# Phragmipedium besseae var. flavum



## smartie2000 (Jan 3, 2009)

A first boom. This besseae flavum has a background of 'Wings of Gold' x self, which I bought from J.P. Faust this spring. Another sibbling was also in spike but it blasted. But that is ok, they are small plants. I am only letting this one make one bloom I think. Not as difficult to grow as I heard they were, maybe breeding made them easier.

This one is a pale clone even though its spike developed slowly on a cold winter windowsill. My camera doesn't photograph the colour right (takes the bloom nearly white!) so I had to adjust the blue spectrum in the photos to correct to a more accurate yellow


----------



## Elena (Jan 3, 2009)

Oooh, I really these anyway but that one is gorgeous.


----------



## P-chan (Jan 3, 2009)

I love the windows on the besseae pouches...They're just so cool. Now here they are in another color. Awesome!


----------



## Yoyo_Jo (Jan 3, 2009)

Oh, that's a beauty Fren! Congrats. I like the clonal (right?) name you gave it


----------



## shakkai (Jan 3, 2009)

She is a beauty, Fren!


----------



## Candace (Jan 3, 2009)

I need one. Thanks for posting.


----------



## SlipperFan (Jan 3, 2009)

That's nice, Fren. Very symmetrical and wide petals.


----------



## Jorch (Jan 3, 2009)

Very nice! I hope mine blooms as wonderful as yours


----------



## TADD (Jan 3, 2009)

Wow pretty cool form!


----------



## Phrag-Plus (Jan 3, 2009)

Very nice Fren! I really like that one too...
They are very easy grower...


----------



## Ron-NY (Jan 3, 2009)

it's very nice Fren! I am still trying to bloom mine! Congrats!


----------



## JeanLux (Jan 4, 2009)

I like this beauty a lot!!!! Jean


----------



## kentuckiense (Jan 4, 2009)

Good work, Fren. Do you find successful culture of this form to be any different than that of standard besseae?


----------



## smartie2000 (Jan 4, 2009)

Thanks guys 



kentuckiense said:


> Good work, Fren. Do you find successful culture of this form to be any different than that of standard besseae?

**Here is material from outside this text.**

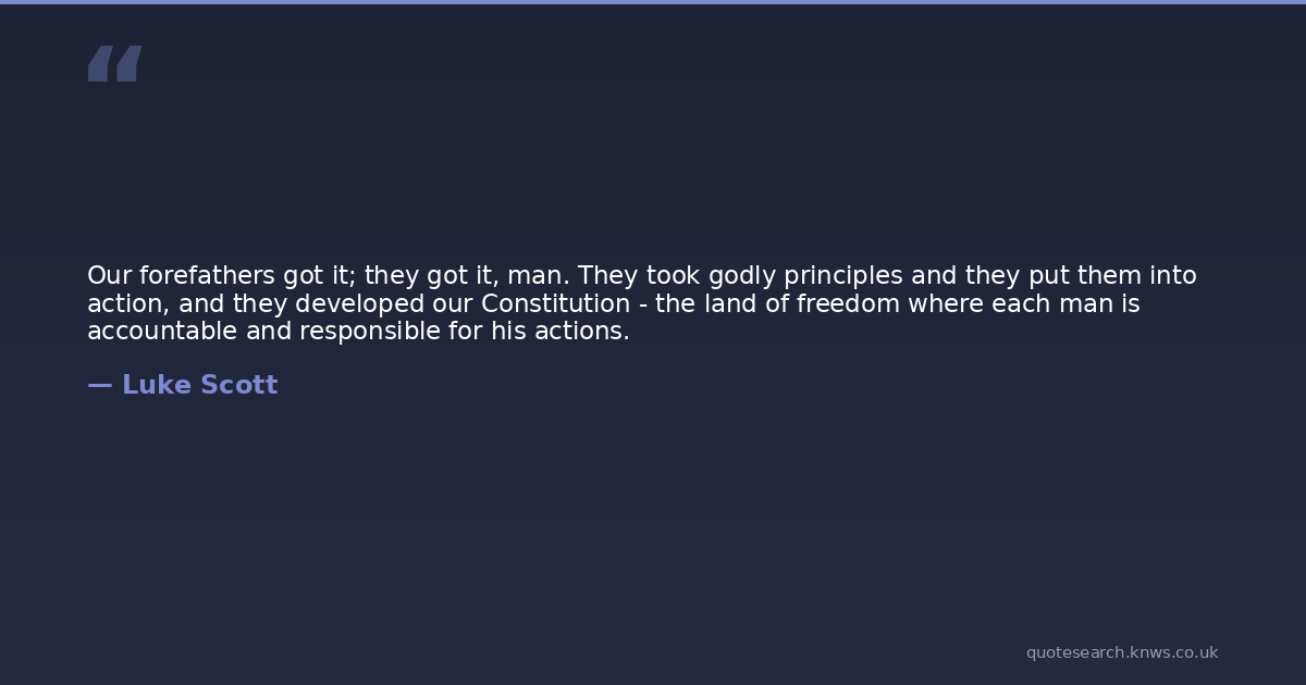 Our forefathers got it; they got it, man. They took godly principles and they put them into action, and they developed our Constitution - the land of freedom where each man is accountable and responsible for his actions.

Nope, I haven't found any difference yet. At least there isn't a difference with this parentage.

I think the bloom is smaller than the usual besseae, but perhaps it is because my plant is young?


----------



## goldenrose (Jan 5, 2009)

Light, dark or inbetween - I'll take it! :clap: :clap:


----------



## NYEric (Jan 5, 2009)

Yay besseae!


----------



## toddybear (Jan 6, 2009)

I'm jealous! I have one that is 3 years old and multi-growth but has never bloomed.


----------



## SlipperKing (Jan 8, 2009)

I don't know how I missed this beautiful photo of a beautiful flower!


----------



## biothanasis (Jan 8, 2009)

Fantastic!!!!!


----------



## smartie2000 (Jun 9, 2010)

*2010 blooming*

I am updating with this years blooming. I think that besseae var. flavum is easier to grow than my other red besseae plants and it has doubled in size (two new growths and 1 old growth). I believe that it may multiply again next year because I see 3 new leads. It also does not climb.

This year the colour is much brighter, it was too pale last time. Also the pouch and petals are slightly rounder, but more perky. I have two spikes too. Nothing changed culturally except that I repotted all my besseae into a clay pot recently to help keep the root systems cool.

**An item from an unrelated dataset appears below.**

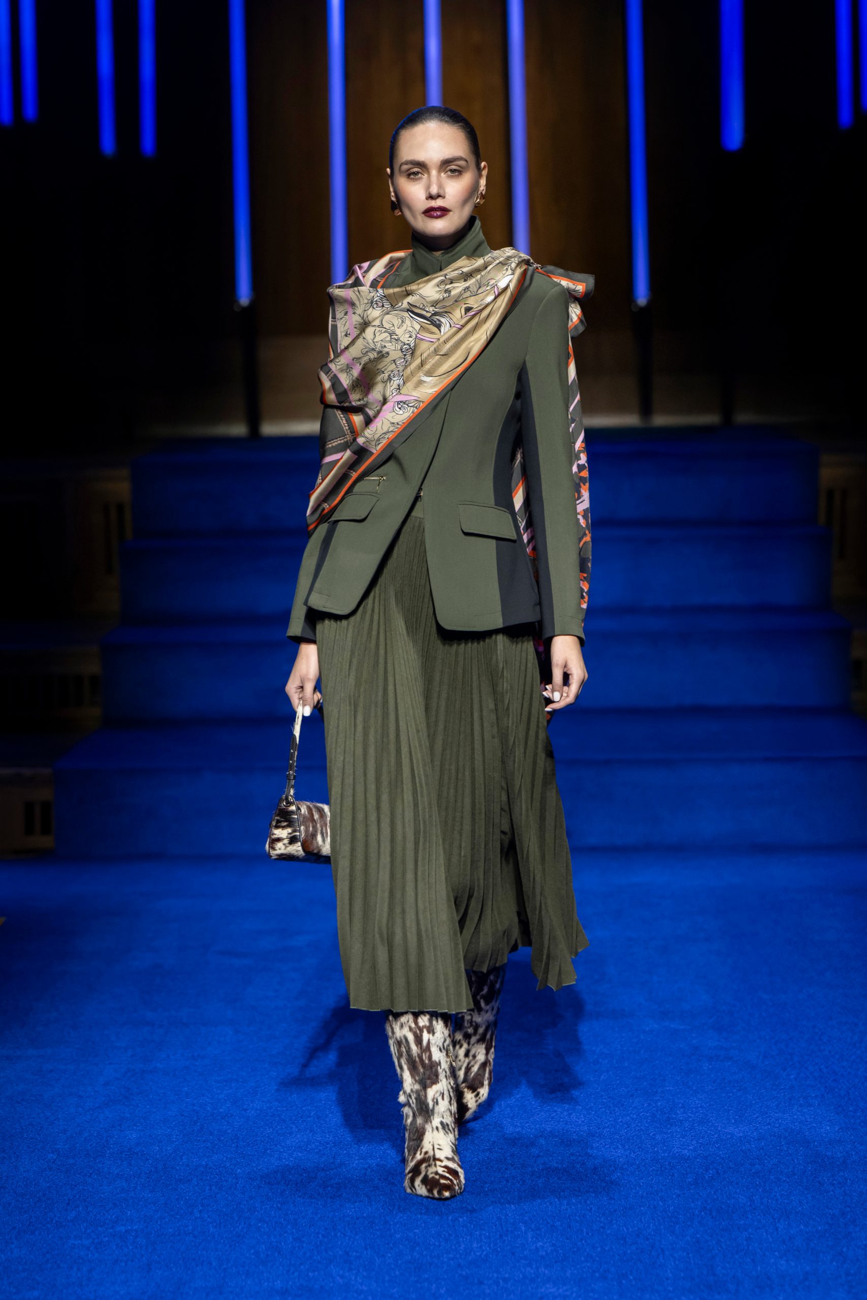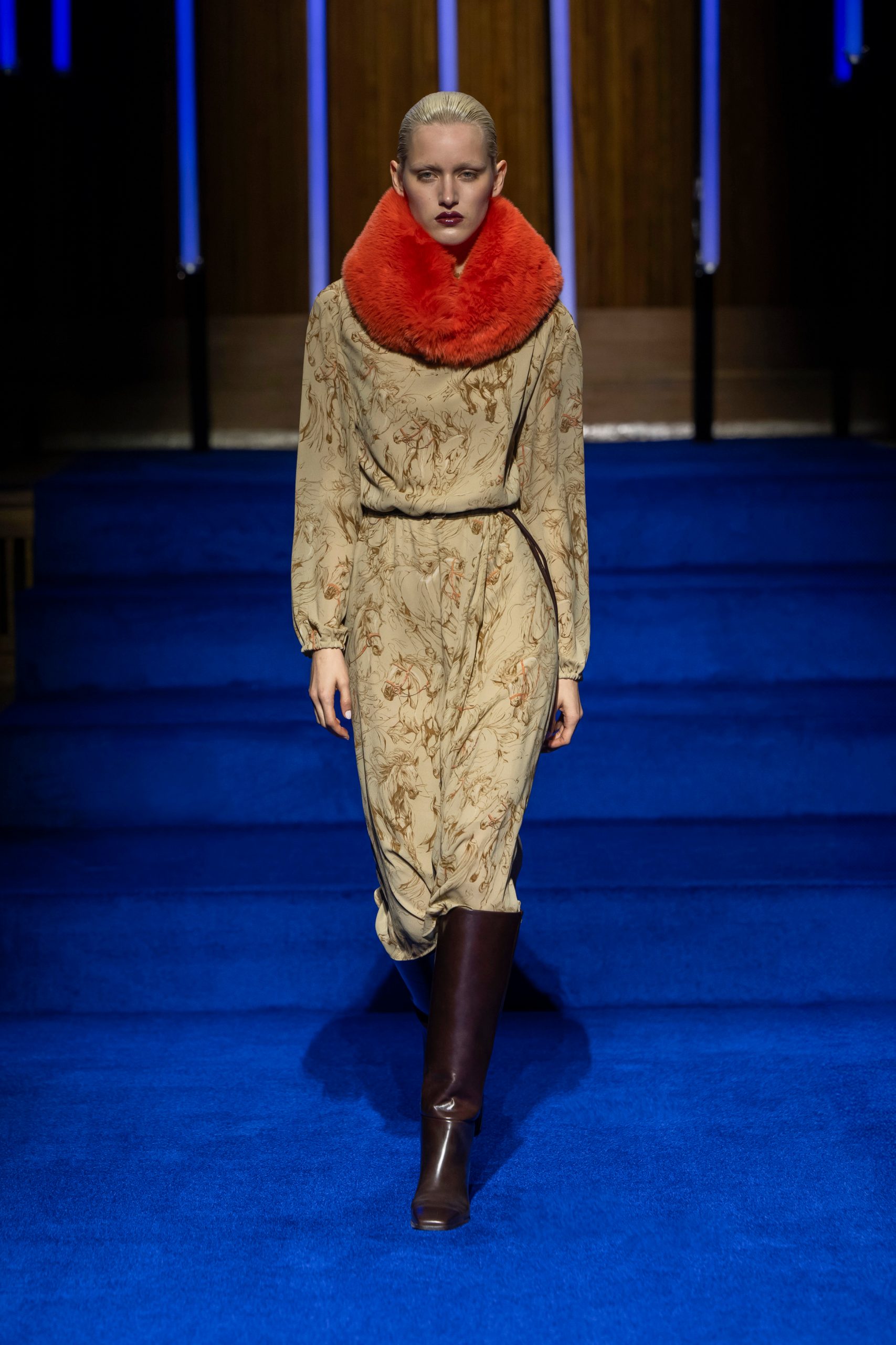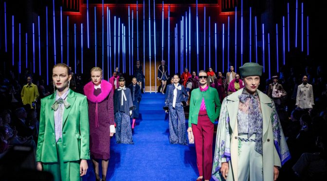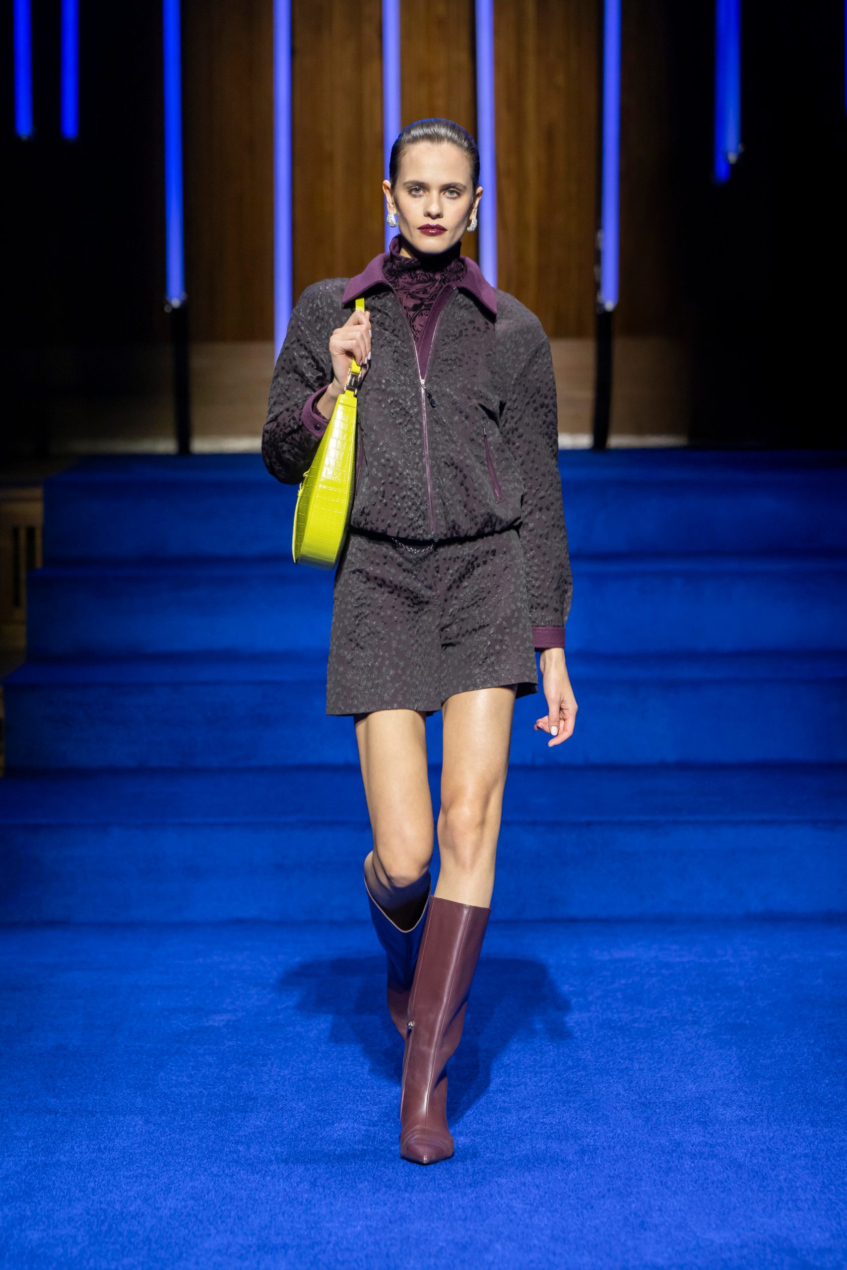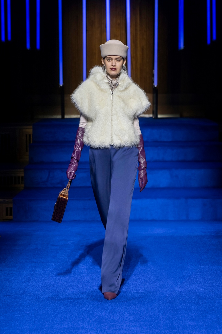 warme, erdige Töne und gewann an Tiefe. Starke Materialien wie kuscheliger Fake Fur in überraschenden Nuancen wie Orange oder Pink brachten einen selbstbewussten Seventies-Vibe auf den Runway, während Leder und Veloursleder den Looks eine moderne, urbane Coolness verliehen. Farblich wurde es mutig und maximal: von edlem Grau mit zartem Rosa bis hin zu elektrisierendem Colourmix. Orange, Aubergine, Pink, Limonello oder Grasgrün trafen bewusst aufeinander – Dopamin Dressing pur.

Something that needs to be done in breeding is to increase the size of flavum besseae blooms. I don't think the flower size compares to the red ones.










I promised a friend a division...now I need to decide of I should divide it later this year or wait until the following year. (I may get a dalessandroi in return!)


----------



## smartie2000 (Jun 9, 2010)

crap! the flower just dropped off when I picked up the plant this second. I was hoping to bring it to the orchid society meeting this Sunday!!!! maybe the next bud will open on time.
I usually put all my dropped phrag blooms in water. The flower can be kept decoratively for another week that way


----------



## parvi_17 (Jun 9, 2010)

I love these flavums, even if they aren't as big or as round as the regular forms.


----------



## John Boy (Jun 9, 2010)

Says who???

I'm a bit confused by that!  *flavums are smaller than the red/orange flowered ones?* I can't quite agree with that, I always had a feeling they were slightly bigger than my normal ones. I've got to keep an eye on that next time...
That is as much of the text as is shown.